Confusion Matrix of the Model, showing the accuracy
Example of the website working with Live Camera
Website in use -- photo upload

Inspiration

Everyday we text people, and when people are busy, they can use text to speech to send messages without touching their phone. We were inspired by how this technology converts one form of information (sound) into another (words/texts to send). We realized there weren’t any systems that interpret facial expressions and convert them to emojis, yet emojis are really important in texting because it helps convey tone through a screen. We thought it’d be really interesting to connect human facial expressions to that kind of digital expression, and using our skills of computer vision, machine learning and web interaction, we believed we could achieve this.

What it does

This is Face2Emoji, a web based application that reads a user’s live facial expression and translates it into an emoji in real time. In this application, users would open the website, and the website uses the camera to capture live facial expressions from the user. Then, the machine learning model embedded in the website analyzes the face and predicts the emotion. The matching emoji and label will then appear on the screen. Predictions will continue updating in real time as the user changes their facial expression as well.

How we built it

First, we organized and collected a bunch of facial expression datasets, into the following classes: happy, sad, angry, scared, surprised, wink, and neutral. There are 9112 images total. Then, we used a ResNet18 model, or a Convolutional Neural Network (CNN) with resized 160x160 images, 24 epochs and batch sizes of 64 to train the model to classify emotions. This CNN first learns simple features such as edges, lines and curves. Then, in the next layers, it combines these simple features into larger parts such as eyes and mouth. In the deeper layers, it learns more complex patterns related to the specific expressions. After combining all of these learned patterns, the model is able to distinguish between emotions. Then we exported the final .pth model for inference and to connect it with the website. As for the website, the backend was written in Python involving a web framework to handle routing, running the ML model we incorporated. The frontend was created using HTML and uses webcam to capture live video input from the user directly in the browser.

Challenges we ran into

Throughout our project, we encountered many challenges and learnt lessons from them. On the machine learning side, the initial hiccup we faced was figuring out what model to use–whether it being a CNN or a R-CNN–to produce the best results. While the model achieved good metrics, it was very difficult for it to classify images with different lighting, angles, and subtle expressions. As for the website, setting up a backend environment was especially challenging as it involved handling real-time data input from different sources (file uploads and live webcam frames encoded in base64), and converting them into a compatible format with our ML pipeline.

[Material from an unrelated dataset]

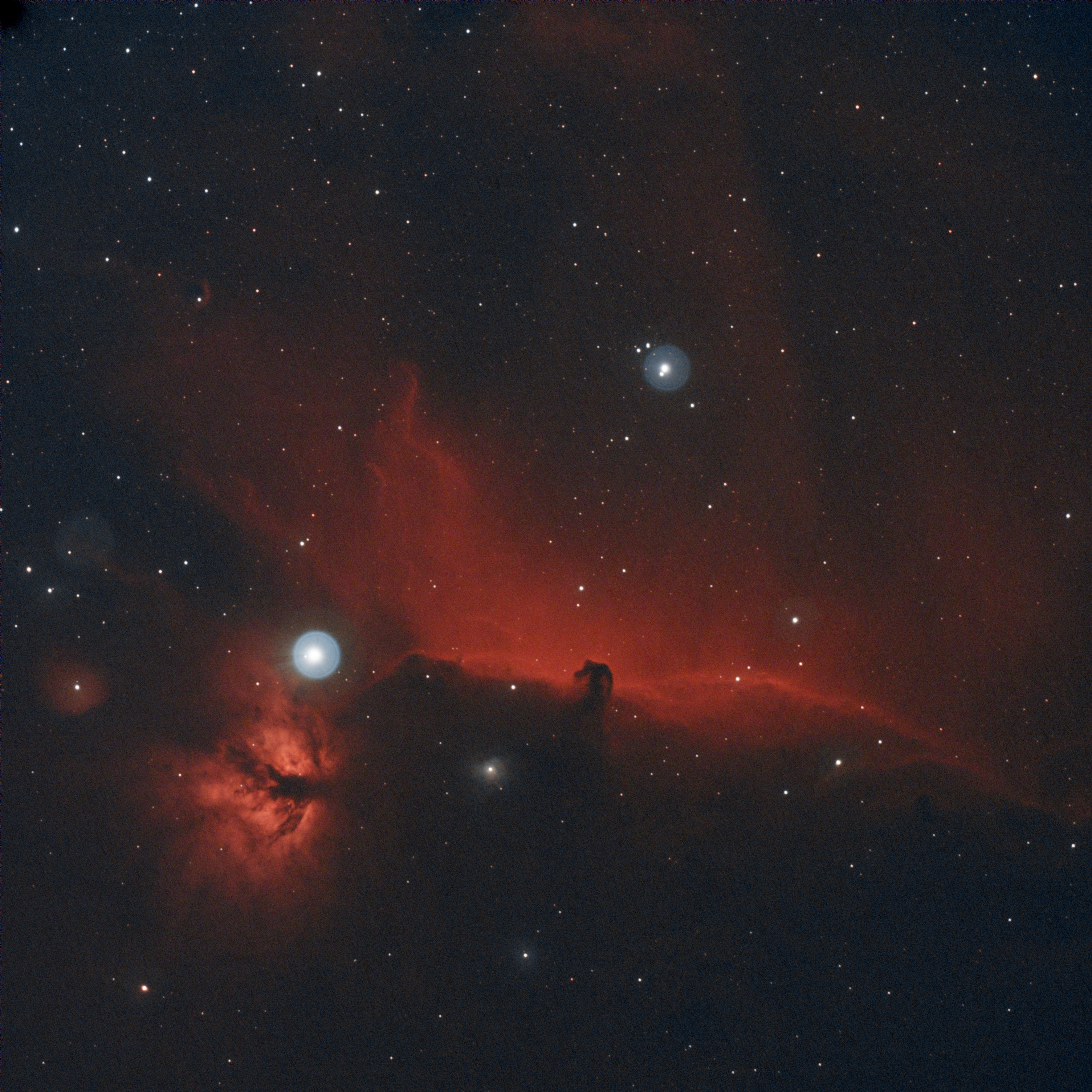 The "Flame" and "Horsehead" nebulae (IC434) in Orion, as seen through a dual-band filter.
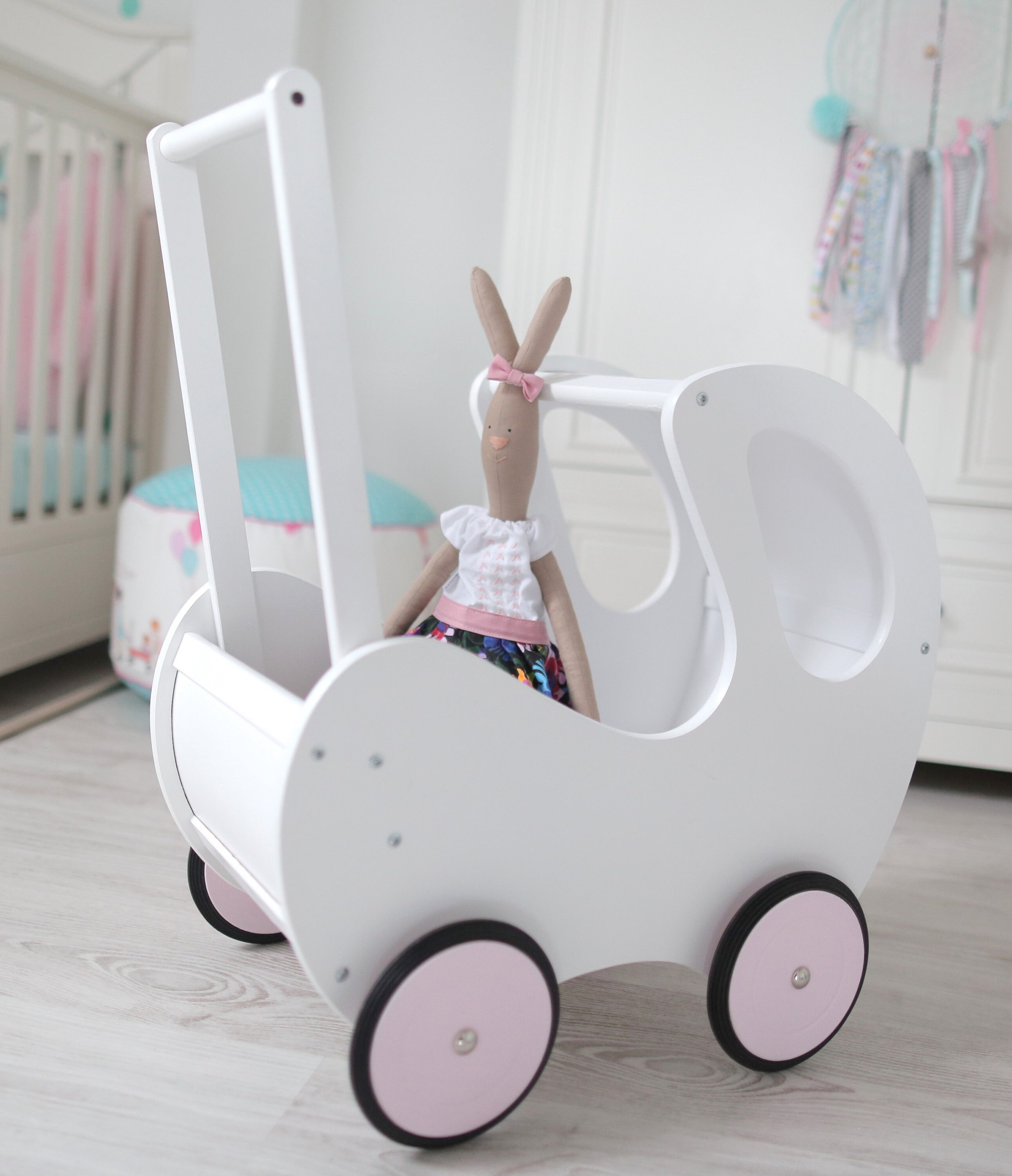 white wooden toy pram

Accomplishments that we're proud of

Something that we’re extremely proud of is the accuracy of the model. The model reached a final overall accuracy of 70%. Even though it may not seem very high, it is really significant as there are 7 different classes (emotions). Distinguishing between emotions is really challenging because some expressions, such as scared and surprised, can look very similar to each other so the model can confuse them. We are extremely proud that the model was still able to learn useful facial patterns and produce strong predictions across these classes. We are also proud that we successfully connected the trained model to a live website and are able to output the predictions in real time, which is really difficult to do as the website would have to update every second and display both the predicted emotion and matching emoji. Building the entire pipeline–data organization, model training, and evaluation to deployment–was also really difficult and we are extremely pleased with how it turned out.

What we learned

Through all this, our team learned that building a machine learning model is more than just training it successfully or finding the right model, but about making sure it performs well in real world situations. One major lesson was that strong evaluation metrics does not signify strong performance on live webcam input, as factors such as lighting and camera angle can affect predictions a lot. We also learned how important preprocessing is, especially resizing, normalization, and making sure the face is clearly visible to the model. We also gained a lot of experience connecting a trained model to a live website and using it for real time inference, moving from model training to deployment and user interaction. Overall, this project taught us that machine learning is not only about building a model, but also about debugging, testing, evaluating, and making the system usable in real life conditions.

What's next for Face2Emoji

The next step is making Face2Emoji actually usable in everyday communication. We can make this possible by connecting it to messaging softwares so that this can be used in real conversations rather than just a website, making this project more useful for real users. Another important improvement would be expanding the number of supported emojis, since 7 classes doesn’t fully capture the expressions people want to use. We would also like to improve the model so it performs better on real world images with different lighting, angles, accessories, and subtle expressions, meaning that we would need to collect more data for these special cases. Overall, the next steps for Face2Emoji is to make it more scalable and useful in real world communication.